Among the thousands of churches destroyed or converted to secular uses in the late 1920s and 1930s, perhaps the most famous was the Cathedral of Christ the Savior in Moscow. This enormous church, if architecturally undistinguished, had been built over a period of two generations, and was finally completed under Tsar Alexander III in 1883. The cathedral towered over the Moscow river near the Kremlin, impressive with its enormous marble panels and paintings of saints. The cathedral’s huge size and its proximity to the Kremlin must have annoyed the communist government, but the cathedral was left mainly untouched for almost a decade and a half after the revolution. Then, on July 18, 1931, a short article appeared in Pravda announcing that the authorities had decided to build a new Palace of the Soviets. The article mentioned the address of the future palace without noting that the new building would rise on the site where the cathedral now stood. To build the new palace, it was clear that the cathedral would have to be demolished. On December 5, 1931, a series of explosions leveled the cathedral, though it took over a year to clear away the debris. In June 1933 Stalin signed an order to construct the world’s largest building on the site: taller and heavier than the Empire State building (completed in 1931), topped by a 6,000 ton statue of Lenin. While the palace was never built, the destruction of the largest Orthodox cathedral in the world sent a clear signal to all believers of a newly militant antireligious policy.32

Christians were not, of course, the only ones affected by the antireligious repressions of the 1920s and 1930s. Jews found themselves in a peculiar position: at the same time a nationality and a religion. Because of the antisemitic excesses of the Bolshevik’s opponents in the Civil War period, probably most Jews welcomed, if cautiously, Soviet rule. But rapidly their own religious practices and clergy came under attack. Yiddish publishing was allowed and even encouraged (though using a phonetic spelling system not accepted outside the USSR), but as a sacred tongue - and the language of Zionism - Hebrew was viewed with suspicion by the authorities. Just as with churches, many synagogues were shut down, often converted into communist clubs, like the Choral Synagogues in Minsk and Kharkov. Frequently the communist specifically used militant atheists of Jewish origin to attack the religion of their fathers. Rabbis, like other clergymen, were stripped of their rights as citizens and were often subject to harassment and arrest.33

While Jews were simultaneously a nationality and a religion, Muslims made up a number of national groups, mainly but not exclusively Turkic in ethnicity and language. Islam is more than a religion; it is a way of life that includes schools, courts, charities, and everyday practices. In the generation between revolution and World War II, most of these institutions were shut down and even the number of mosques declined radically: from 26,279 in 1912 to 1,312 in 1942.34 Mullahs were “persuaded” to resign or were arrested for allegedly encouraging resistance to the Soviet government. Muslim women were encouraged to leave the isolation of their homes and participate in public affairs. Polygamy was outlawed as was the zakah (the contributions to charity every Muslim was required to make) and kalym (bride-price). Campaigns were undertaken against ritual prayer and fasting during Ramadan. Finally, in 1935, the Soviet government forbade Muslims from undertaking the hadj or pilgrimage to Mecca. Soviet measures against Islamic practices had a number of motivations: antireligious, national, and international. Besides the general distaste among communists for any religion, Islam seemed particularly dangerous as a possible source of contact with believers abroad. Within the USSR, the Soviet leadership worried about Pan - Turkic sentiments: the memory of the anti-Bolshevik Basmachi during the Civil War and the heresies of Sultan-Galiev remained strong.

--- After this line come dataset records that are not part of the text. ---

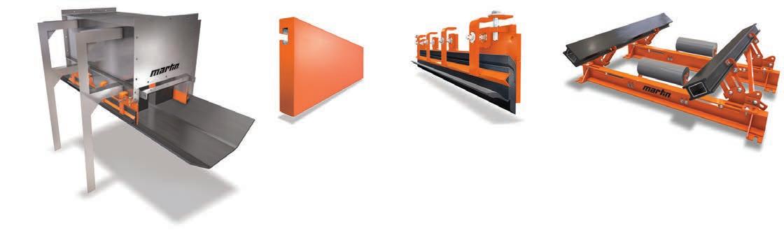 ugitive material escaping from transfer point locations can seriously jeopardize worker health, equipment performance, and your bottom line. Martin's easy-to-install Modular Transfer Point Kits — with several loading, settling, and stilling zone configurations — combined with our ApronSeal™ dual-seal skirting, skirtboard liners, and belt support cradles effectively arrest problematic dust and spillage. When transfer locations are properly engineered for maximum containment, operations run cleaner, safer, and more efficiently.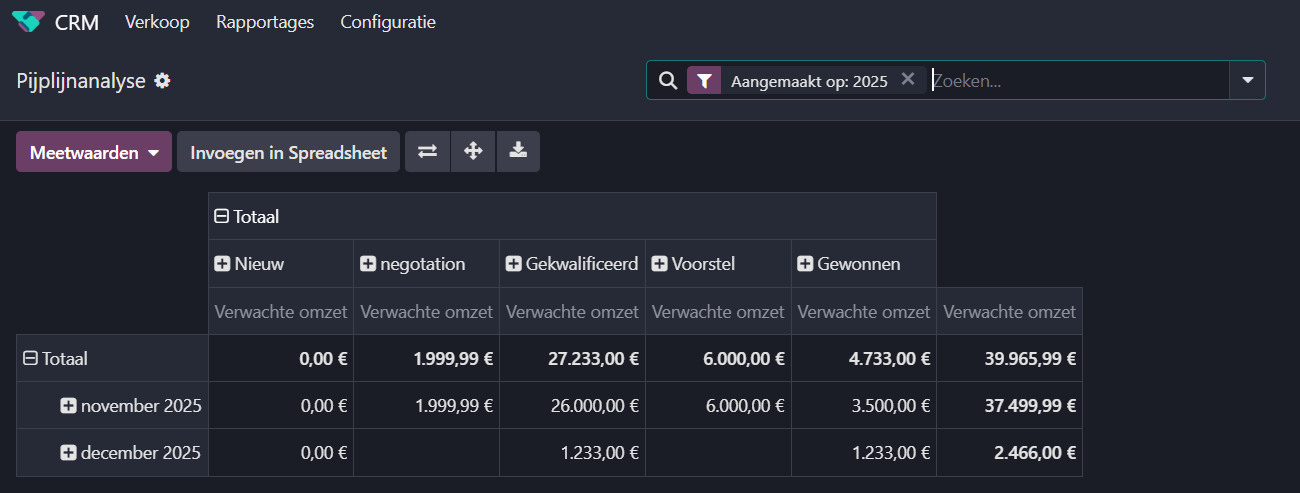 Voldoende manuele sales leads zijn aangemaakt om de pijplijn te vullen. Alle cruciale velden (zoals Expected Revenue, Customer, en Salesperson) zijn ingevuld. Deze leads zijn strategisch over de komende maanden gepland en toegewezen aan verschillende sales medewerkers, wat noodzakelijk is voor zinvolle prognoses.
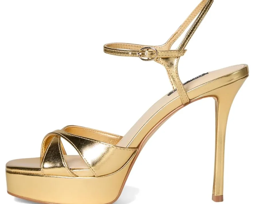 - Fall in love with the Nine West® Tates dress sandals. Featuring an open square toe, high stiletto heel, and criss-cross straps, this sandal is sure to impress and the perfect wardrobe staple! It is crafted with a faux patent leather upper, polyurethane lining, and a cushioned insole.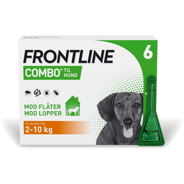 Frontline Combo Hund 2-10 kg findes i pakning med 3 stk og 6 stk pipetter á 0,67 ml.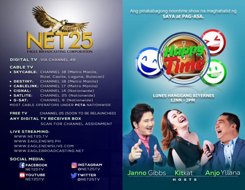 Happy Time is aired Monday to Friday, 12NN – 2 PM. With hosts, Anjo Yllana, Kitkat, and Janno Gibbs, the newest noontime show in the country and NET25’s first, brings fun and surprises to audiences worldwide.

As in other times of catastrophe, millennial sects cropped up. In certain ways, sects were better equipped to survive Soviet persecutions than were organized churches. Baptists had long existed, though on the edge of legality, even in imperial Russia. Following a brief period of toleration they ran into trouble with the authorities after 1929, when proselytizing was forbidden. But with their tight-knit communities, emphasis on reading the Scriptures, and experience with persecution, the Baptist communities continued to exist illegally in secret.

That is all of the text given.